Porém, os olhos que nos encaram no camarim, na cena em que a maquiagem é tirada, já nos demonstra alguém morto. O ser humano necessita morrer para o monstro tomar conta de si. Compreende-se exatamente esse aspecto na jornada de Arthur para o vilão Coringa, no pessimismo da história de Phillips. Existe um acordo prévio de que o destino de alguém como o protagonista já está premeditado. Está devidamente estipulado. Faz parte do show. Isso não torna a história menos triste, claro. É de um sarcasmo obsceno a música principal do filme ser That’s Life (A vida é assim, numa tradução literal), de Frank Sinatra, por exemplo. Não é um mundo ingênuo e ninguém passará por ele incólume, Phillips garante.

O figurino de Coringa propõe precisamente esta faceta ao trocar as vestes sombrias e surradas do vilão de Heath Ledger (O Cavaleiro das Trevas) pelo modelo extravagante e colorido usado por Joaquin Phoenix. São condições e mundos distintos, ressalta-se. A roupa destaca tons da personalidade de Arthur — o que ele tenta colocar para fora e não sente por dentro. Do mesmo modo, a risada de ambos refletem coisas diferentes: Ledger diagnosticava um assassino frio, calculista e brilhante que se divertia com seu próprio senso de humor doentio; Phoenix usa a risada como um grito de socorro de um homem aprisionado dentro de si e que não entende do que os outros são capazes de rir.

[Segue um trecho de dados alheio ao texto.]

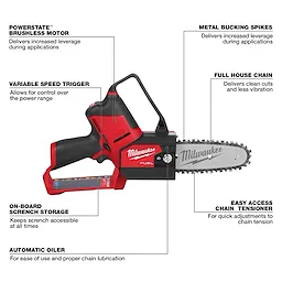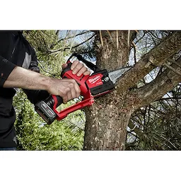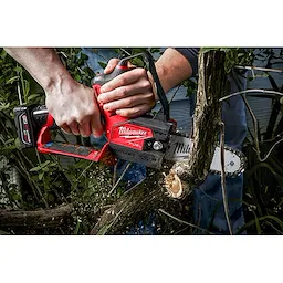 Our M12 FUEL™ HATCHET™ 6" Pruning Saw delivers unmatched control & access, has the power to cut 3" hardwoods, and delivers up to 120 cuts per charge. This electric pruning saw is designed to meet the ergonomic, performance, and durability needs of landscape maintenance professionals. Weighing less than 5 lbs and featuring a compact design, the cordless pruning saw gives you increased control and maneuverability in tight access areas. The POWERSTATE™ Brushless Motor delivers the power to complete cuts in demanding hardwood materials. The REDLINK PLUS™ Intelligence enables full-circle communication between the tool and battery, providing you with unmatched levels of performance, protection, and productivity. The advanced electronic package also delivers an instant throttle response and a variable speed trigger for ultimate control over the power range. The M12™ REDLITHIUM™ XC 4.0Ah Battery (sold separately) delivers best in class run-time and performance. This pruning saw features a full house chain, easy access chain tensioner, automatic oiler, metal bucking spikes, and onboard storage for the scrench. The MILWAUKEE® M12 FUEL™ HATCHET™ 6" Pruning Saw is part of the M12™ System which is fully compatible with over 100 solutions. In addition to the Pruning Saw (2527-20), this product includes (1) Oregon 6" Bar & Chain, (1) Scabbard, and (1) Scrench.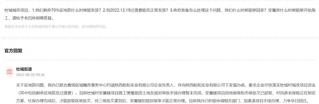 答:目前杜城村安置楼项目施工缓慢是因土地及规划审批手续办理暂未完成,安置楼项目用地省级和市级批文已获取,村民养老保险正在制定方案,社保办理完成后,才能获取区级批文,待三级批文拿到后,安置楼的规划报审才能正常办理。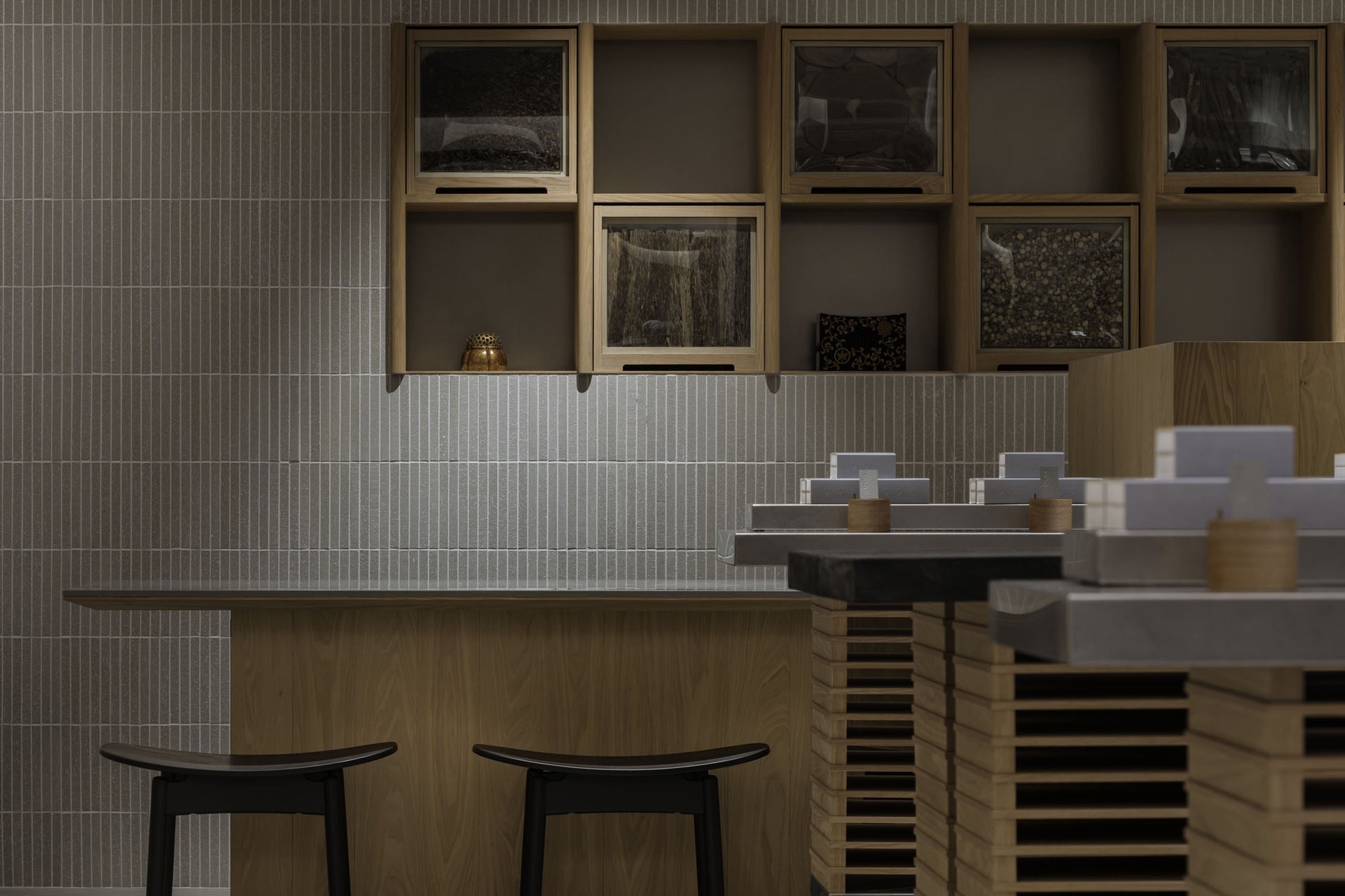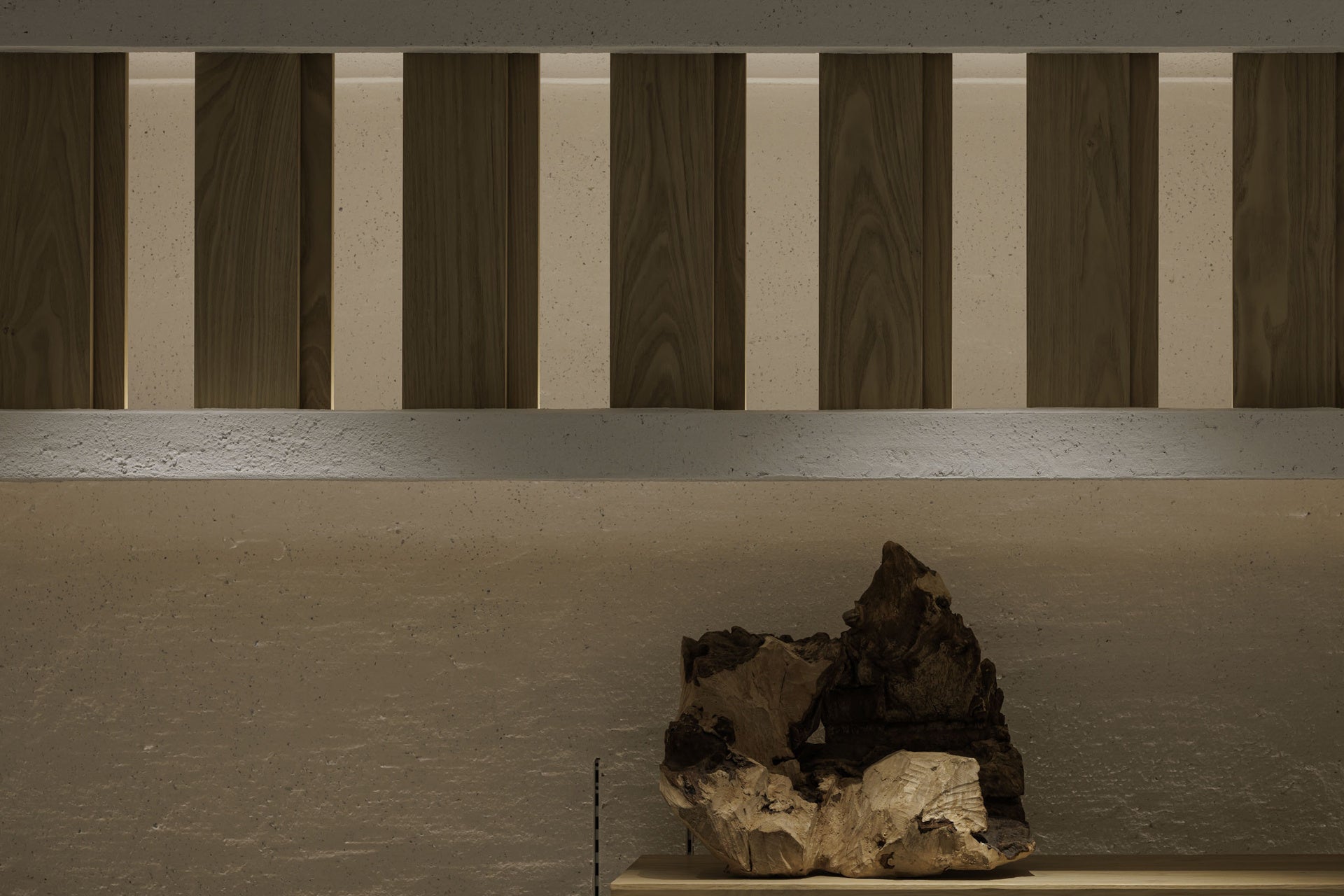 昔ながらの線香工場には「べかこ」というスライド式の連子窓があり、窓の開き具合を職人が調整することでお線香を乾燥させていました。この「べかこ」をヒントに、壁面上部の照明をデザイン。板をスライドさせることで、明かりに変化をもたらす役目をもたせています。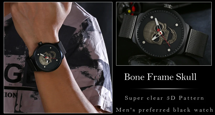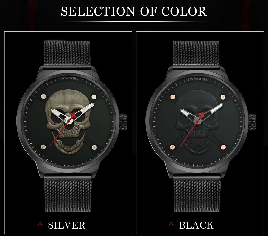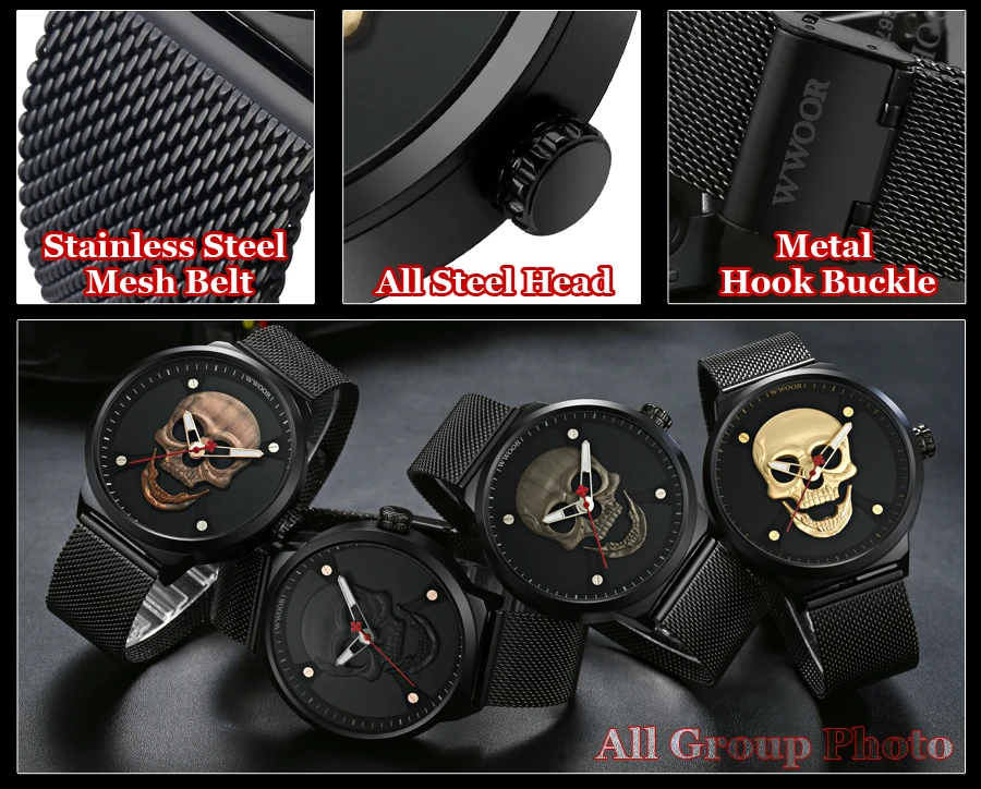 Характеристика: -Светящийся -Крутой циферблат с черепом -Чехол из цинкового сплава -Кварцевый механизм высокого качества -Японская батарея -Водонепроницаемый (поддержка бассейна и холодного душа, не подходит для любой горячей воды) Характеристики (приблизительное значение): -Чехол диаметр: 48 мм -Чехол Толщина: 13 мм -Полоса пропускания: 22 мм Общая длина: 22 мм Посылка включает в себя: -Часы WWOOR-1 шт. -1 x WWOOR тег -1 инструмент для регулировки ремня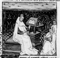 Parigi, Bibliothèque Nationale de France, Fr. 232, f. 100v. Giovanni Boccaccio, seduto in cattedra, conversa con Alcibiade.
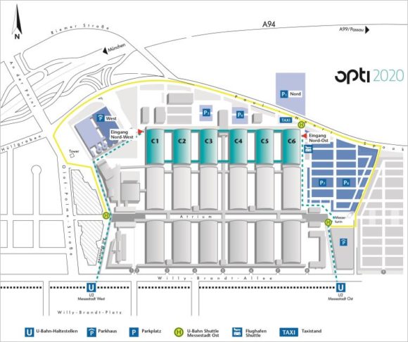 Der Eingang Nord-Ost bietet direkten Zugang in die Messehallen im Osten und war bei der opti 2019 erstmals geöffnet. Diesen stärken wir, um eine paritätische Verteilung der Besucherströme zu ermöglichen. So halten unter anderem die Shuttlebusse von den U-Bahnhaltestellen „Messestadt West“ und „Messestadt Ost“ sowie die Flughafen-Shuttles am Eingang Nord-Ost. Für diejenigen, die mit dem Auto anreisen, werden mit neuen Parkflächen direkt an der Halle C6 die Kapazitäten dort mehr als verdoppelt. Und mit dem neuen Entree, das sich bis in die Halle C6 erstreckt, einer Lounge und Infopoints werten wir den Eingang Nord-Ost zusätzlich auf.

Ao lamentar o péssimo dia que teve para uma de suas projeções, nós sentimos angústia e temor, após nos darmos conta do que ele faz ali. Ele não fala de um dia, mas de sua vida. Procura uma de suas fantasias para se consolar, porém ela lhe manda embora. Arthur não é único num mundo doente, verdade. Mas é quem abraça a doença, a sociopatia e sua fúria. Retratá-lo apenas como o “mal” seria lhe tirar a complexidade. É alguém que se ergue diante de uma multidão sedenta por subversivos — e talvez seja essa a mensagem que incomodou a crítica norte-americana muito mais do que a comunidade europeia: a ficção tão próxima de nós. Há uma veracidade incomodativa nos protestos contra as desigualdades sociais e as truculências policiais testemunhadas no filme. A obra despreza Arthur, mas também despreza o mundo que ele vive.

Numa das grandes cenas de Coringa, nós estamos num trem acompanhando três homens brancos aterrorizando uma mulher asiática, enquanto o protagonista ri desesperadamente tentando fugir daquele momento tanto quanto nós. A medida que os homens avançam, curiosos sobre a figura bizarra, as luzes piscam e o medo se instaura. É a morte que promete para Arthur controle. Noutro momento, após matar alguém, a sua maquiagem branca recém feita está coberta por sangue espirrado. Ele descansa. Olhamos atônitos. E finalmente notamos o nascimento histórico de um vilão em sua totalidade.